What is LangChain? Build Your First Agent in 15 Lines
LangChain is the most-used framework for building LLM apps — agents, RAG, multi-step workflows. This tutorial shows you what it actually is, the three primitives that matter, and your first working agent with one tool in under fifteen lines of Python — runnable today on Google's free Gemini tier, no credit card. Plus the same agent rewritten without LangChain for comparison, so you can see exactly what the framework is doing for you.
LangChain is the most-installed Python package in the LLM ecosystem and the most-argued-about framework in the AI builder community. If you've spent any time reading about agents, RAG pipelines, or multi-step LLM workflows, you've seen its name. You've also probably seen people complain about it. Before you can have an opinion, you need to know what it actually does.
This post is the short version: what LangChain is, the three primitives that account for most of what you'll ever use, and a working agent that uses a tool — in fifteen lines of Python you can run on your laptop in the next ten minutes.
What is LangChain, in plain English
LangChain is an orchestration framework for applications built on top of large language models. Orchestration is the operative word. The LLM SDKs from Anthropic, OpenAI, and Google give you a client.messages.create(...) call — one shot in, one response out. LangChain wraps that primitive in a set of reusable building blocks: models, tools, agents, retrievers, memory, prompts. You assemble those blocks into pipelines and the framework handles the plumbing in between.

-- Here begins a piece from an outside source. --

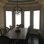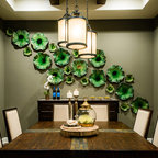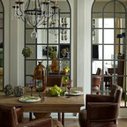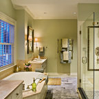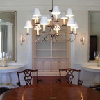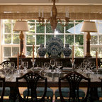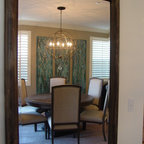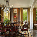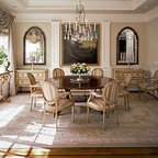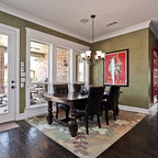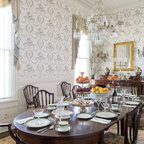 Свежая идея для дизайна: столовая в классическом стиле с зелеными стенами, ковровым покрытием и камином - отличное фото интерьера — Houzz

Two things to keep in mind from the start.
It is not magic. Everything LangChain does, you could write yourself with the raw SDK and a few hundred lines of Python. The value is that you don't have to — the patterns are pre-built and tested across thousands of production apps.
It is also not always the right choice. For a single-team agent with three tools and one LLM provider, the framework can be heavier than what it abstracts. For a multi-provider, multi-tool, RAG-heavy application, the ecosystem can save weeks. Knowing the difference is the point of learning it.
This tutorial is the first half of that learning — what LangChain does. A future post on this blog will cover the second half — when the bare SDK beats it.
Install
The modern LangChain stack uses two packages together: langchain for the core abstractions, and langgraph for agent flows. Add the provider integration for the model you want to call. For this tutorial we'll use Google's Gemini Flash Lite, because it has a genuinely free tier (no credit card required) — every example here runs without paying for tokens.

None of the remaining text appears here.